Le discours du chef d’état-major de l’armée algérienne Ahmed Gaid Salah a dû réconforter Abdelaziz Bouteflika. Cela change un peu des coups de boutoir assenés depuis plusieurs jours par les opposants à son vœu de cinquième mandat.
C’est vrai que le «vieux» et les treillis n’ont pas toujours été en odeur de sainteté. Mais devant certaines situations, il peut arriver que le chat et le chien se serrent les pattes pour traverser une rivière en crû, ne serait-ce que le temps de laisser la tempête passer. Encore que dans le cas d’espèce, le général Salah doit bien cela à Boutef, car c’est le locataire du palais d’El Mouradia qui a fait le vide dans la hiérarchie militaire pour le hisser là où il est : les généraux Mediene, Betchine et autre «Toufik», (son ennemi juré) ont été mis sur la touche pour laisser le champ libre à Salah, qui est à présent le Big Brother algérien et la carapace du régime. Autrement dit, tout l’appareil répressif est entre les mains du chef d’état major et vice-ministre de la défense.
Retour à l’ascenseur donc d’un securocrate qui sait à qui il doit sa position, mais aussi, posture d’un général qui défend ses privilèges car dans la grande muette, on imagine que le général Salah n’a pas que seulement des amis.
En secouant l’épouvantail des années «braise et de douleur», le chef militaire espère semer le doute et la peur dans le cœur des jeunes manifestants algériens. Mais peut-être qu’en adoptant le langage informatique, le militaire devrait taper sur la touche «F5» pour actualiser son niveau de compréhension de la mentalité de la jeunesse algérienne.
Pendant les fameuses années de braise, avait-il vu les manifestants balayer les rues après leur protestation ? Ou encore ces jeunes mobilisés dans les ruelles qui scandent, mais paisiblement et pacifiquement leurs idées, leurs avis, leurs désirs, leur envie que cette tentative désespérée de Bouteflika de rester au pouvoir malgré le poids de l’âge ? Certainement pas. Et même à la disparition d’Habib Bourguiba, et même avant, on avait vu apparaître de mortifères luttes de clan, car le «combattant suprême» avait fait le vide autour de lui. C’est quasiment pareil actuellement avec la «nomenklatura» Bouteflekiste.

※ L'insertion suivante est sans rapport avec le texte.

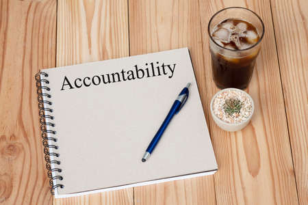 Accountability concept on notebook, pen cactus and coffee cup on wooden table. Business concept.

Pourtant le célèbre malade d’Algérie devrait se convaincre que les Algériens ne sont pas aussi amnésiques au point de rêver de marcher dans la même mélasse qui leur avait rendu la vie horrible il y a une vingtaine d’années. Le président algérien devrait donc avoir la «sagesse» de comprendre cet état de fait et en tirer des leçons. Car si l’armée est le garant de la stabilité, elle est aussi le dernier recours, et c’est un secret de polichinelle que le général-major Gaid Salah, se verrait chausser les patogasses du maréchal égyptien Al-Sissi
Du reste, on se demande jusqu’où le soutien de l’armée algérienne ira-t-il ? Et pendant combien de temps durera-t-elle ? L’armée osera-t-elle tirer sur des manifestants pacifiques ? Est-ce sa vocation première ? Car les militaires algériens ne viennent pas de la planète Mars et font partie du peuple. Même phagocytés dans le moule astreignant de la discipline militaire, ils ne retournent pas séjourner sur des arbres pendant leur «permission» ou leurs quartiers libres. Ils rejoignent des familles algériennes, celles-là même qui figurent parmi les milliers de manifestants qui inondent les rues du pays pour exprimer leur envie de voir un changement qualitatif dans leur espérance de vie. C’est dire que l’armée est prête à protéger Boutef, mais sous réserve que la situation ne devienne pas ingérable, que le peuple recule. Car si d’aventure la réprobation de la rue s’amplifiait… et d’ici le 18 avril tout basculait, par l’étalage de quelques macchabées. En ce moment, entre Boutef et le peuple, Gaid Salah, n’aura pas le choix.
Plutôt donc que d’essayer d’épouvanter des Algériens qui n’ont vraiment plus rien à perdre au point justement d’avoir peur, les efforts et les énergies pourraient être concentrées pour faire entendre raison à un président sortant candidat à sa propre succession qu’il y a une heure pour tout et que tout a une fin. On ne peut faire son temps et celui de ses fils et petits-fils. A 82 ans, malade, l’enfant de Tlecem a droit à aller se soigner loin des problèmes de la Républiques.